The Affordable Care Act (ACA) has resulted in a wealth of change to the insurance and healthcare industries. It has also had a profound effect on the way businesses provide for their employees' health and well-being. The rising cost of providing insurance for employees has lead to nearly 70% of U.S. employers turning to corporate wellness programs as a means to help their employees stay healthier, while saving the company money in the process. With most employers now providing employee wellness programs, corporate wellness is adapting to better meet the needs of its clients. Take a look at 5 ways corporate wellness is changing.

 

1. Corporate wellness programs are exploring new ways to improve engagement through a holistic approach

Corporate Wellness, Holistic Health, Active Wellness

While corporate wellness programs focus primarily on physical health and well-being, including fitness, weight loss and smoking cessation programs, many employee wellness programs are beginning to incorporate a more holistic approach with the aim of improving employees' social and mental health. This new direction in corporate wellness focuses less on short-term participation through incentives and more on driving outcomes through cultural shifts that impact the employees at work and at home. A holistic approach includes, a focus on managing stress, getting more restorative sleep, finding a balance between your work and home life, fostering connections within the workplace and the larger community, and taking care of financial health. 2016 is seeing an increase in mindfulness and resiliency training. The thought being that if employees are better able to manage their stress it will be easier for them to make healthier lifestyle choices.

 

2. Using coaching to bridge the gap in engagement

Corporate Wellness, Active Wellness, Coaching

Health Risk Assessments and biometrics screenings have long been the staples of employee wellness programs. While these are valuable tools in understanding employee risk factors they haven’t led to a high return on investment or lowered health care cost for employers. Incentivizing employees to give you their data doesn’t mean they will act on that data. Employers are having to look at new ways of engaging employees in coaching through the use of technology to drive participation gaps among those with the highest risk as well as keep those at moderate risk healthy.  Coaches are using text messaging, Skype, Face Time, and monitoring devices to stay connected with clients without sacrificing rapport and accountability. The role of the coach is growing to include concierge services by being the point at which you can connecting employees to the right resources at the right time.  

 

3. Companies are looking to high-tech gadgets such as the Apple Watch and activity monitors such as Fitbit to help employees to pursue their fitness and nutrition goals

Corporate Wellness, Active Wellness, Apple Watch, Fitbit

For a lot of people, some healthy competition can be a strong motivator to get in shape and eat more nutritiously. Companies are looking for open platforms that allow employees to bring their own device and participate in challenges that are relevant to their personal wellness goals. Employers are realizing that increases in participation and adherence happens when technology is paired with high-touch interactions, social connections, and customized to employee interests and goals. Technology has provided employers with some powerful tools to scale employee wellness but making sure programs still meet employees where they are at and feel personalized to individual interest and goals is what will drive engagement and ultimately results.    

 

4. Feel Better by Helping Others

 

Highlights from when Team Active kicked off 2016 with special classes and fitness events across the country to benefit Augie's Quest

Fitness challenges for charity have also been steadily increasing, and will continue to do so in 2016. Not only has getting fit for charity encouraged more employees to participate, but the effects of earning incentive dollars, or competing for a large donation for a selected charity, offers employees the chance to make a difference in the world even as they achieve their health goals.
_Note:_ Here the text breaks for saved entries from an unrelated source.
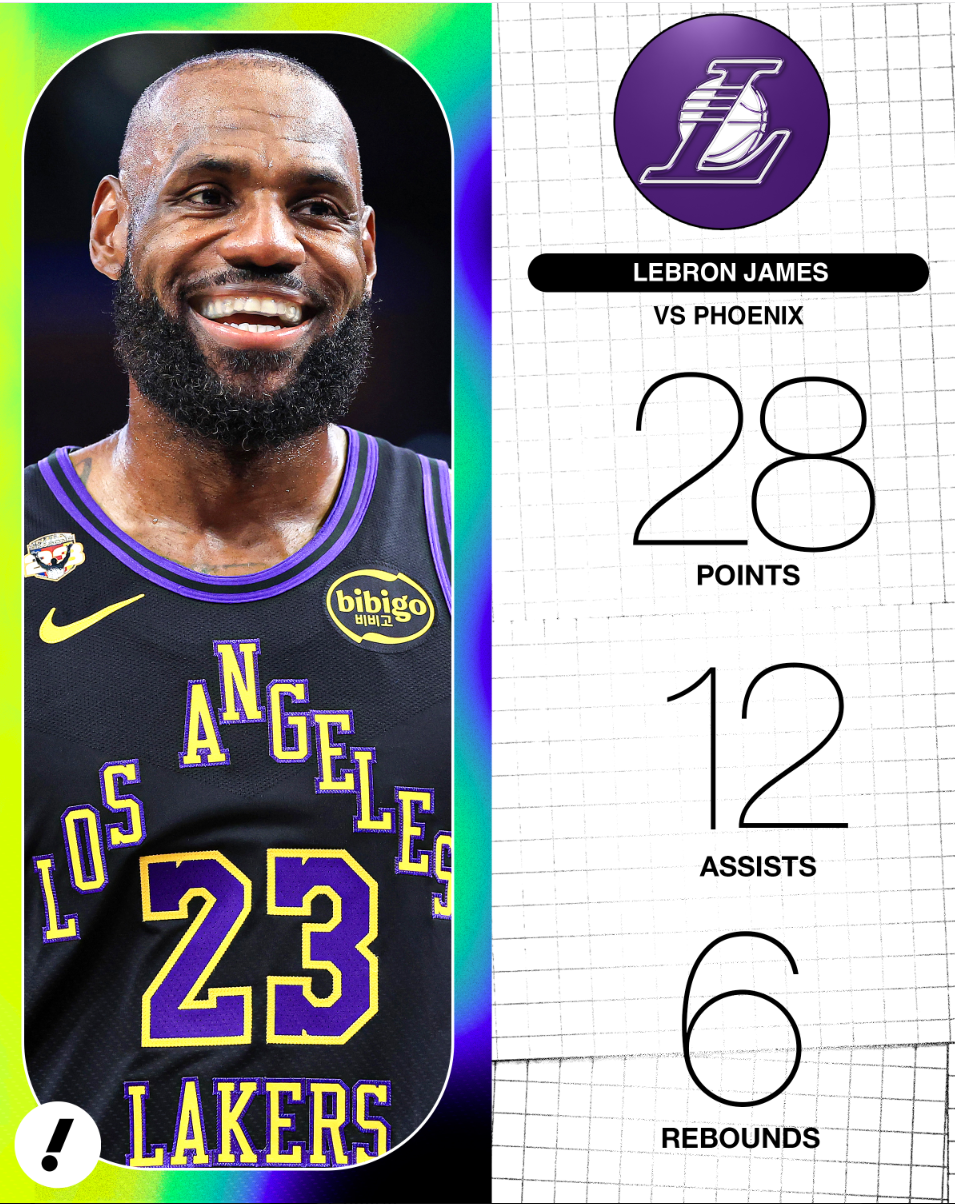 勒布朗过去三场比赛都至少拿到25+10助攻,他成为NBA历史上首位40岁以上连续三场比赛25+10助攻的球员,这位老将本赛季已经第17次助攻上双了,我们就坐等看这位41岁的老将在季后赛首轮的单核表现了。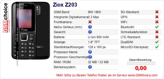Hast du eigene Webseite? Willst du die Informationen über Standarddaten des Handys Ziox Z203 irgendwo veröffentlichen? Das ist sehr einfach. Du kannst das Bild herunterladen oder kopieren und auf der Webseite folgenden Code hinzufügen:Das Einfügen von diesem Code verursacht das Anzeigen von dem folgenden Bild: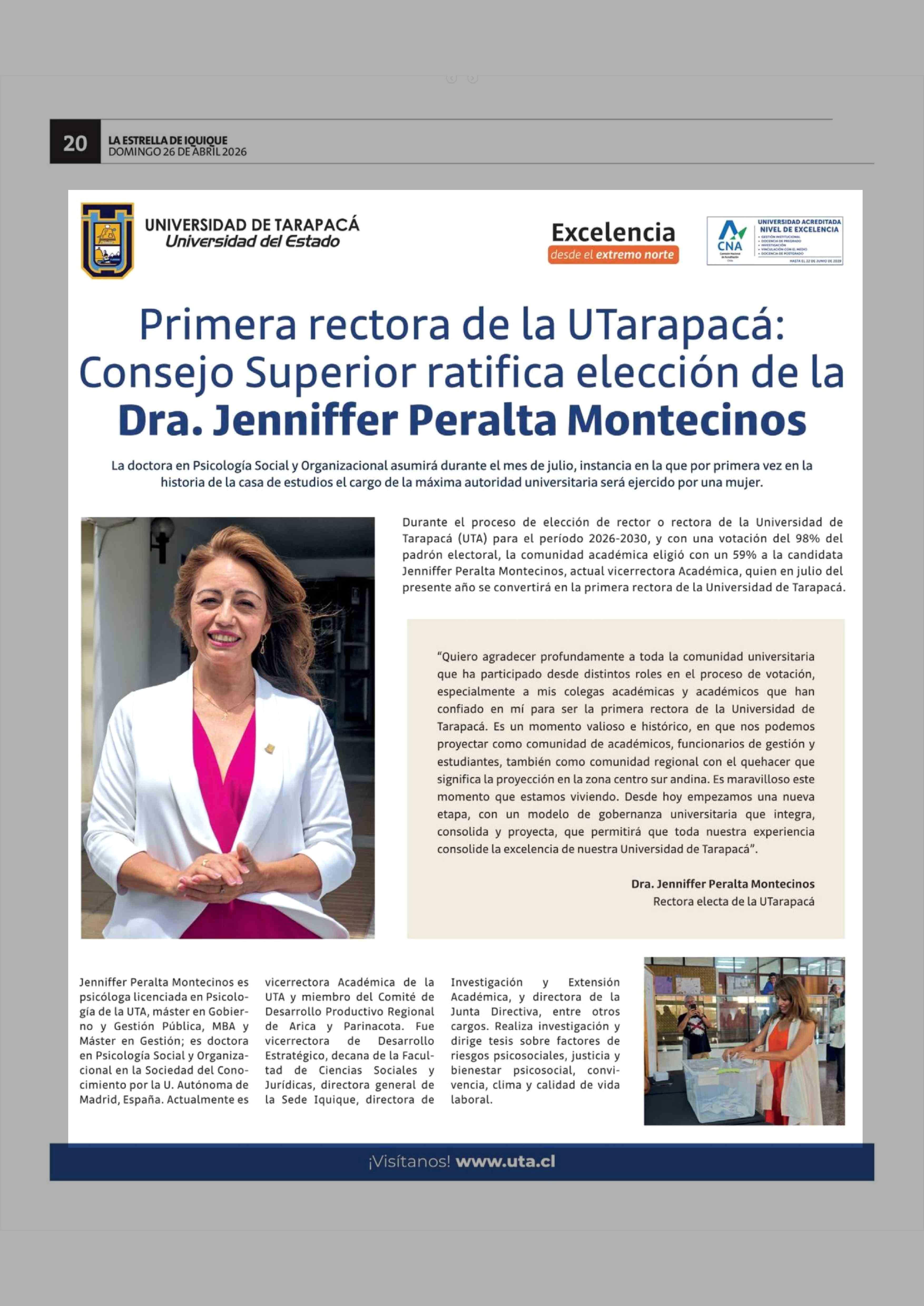Primera rectora de la UTarapacá: Consejo Superior ratifica elección de la Dra. Jenniffer Peralta Montecinos 26-04-2026 La Estrella de Iquique |
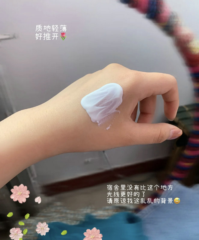 如霜质地,上脸超级水润,对于我这种敏感肌肤也很友好,涂在脸上超级温和的,也没有过敏情况发生,奈斯~~而且很容易推开,完全不会假白,成膜速度也很快哦,SPF50+/PA++++的防晒力度在夏天也是完全ok的,就算出去玩耍也不怕晒黑了!

Charity fitness challenges are also excellent for reducing stress. Stress has a huge effect on our health, is a key cause of inflammation throughout the body, increases the rate of absenteeism, and decreases work productivity. Plus, it makes for some irritable employees. Finding creative ways for employees to reduce their stress levels will lead to a more cheerful, more productive business, and employees will enjoy better health, and not using their sick days.

 

5. Employee wellness is becoming more holistic, with emphasis on relaxing, restoring, and reconnecting with co-workers

Active Wellness, Corporate Wellness

Businesses have had to re-evaluate their corporate wellness programs, consulting with fitness management companies to craft programs that motivate their employees to participate in physical fitness, to eat better, get more restorative sleep and lower their stress levels. Rewarding employees for using the latest fitness-monitoring technology incentivizes them to embrace activity, make more nutritious meal and snack choices, and to be encouraging to their fellow co-workers as well. Social activities and charity fitness are also becoming a big part of the corporate wellness programs of 2016. Looking forward, businesses will continue to help their employees stay healthy, increase their productivity and improve their overall wellness.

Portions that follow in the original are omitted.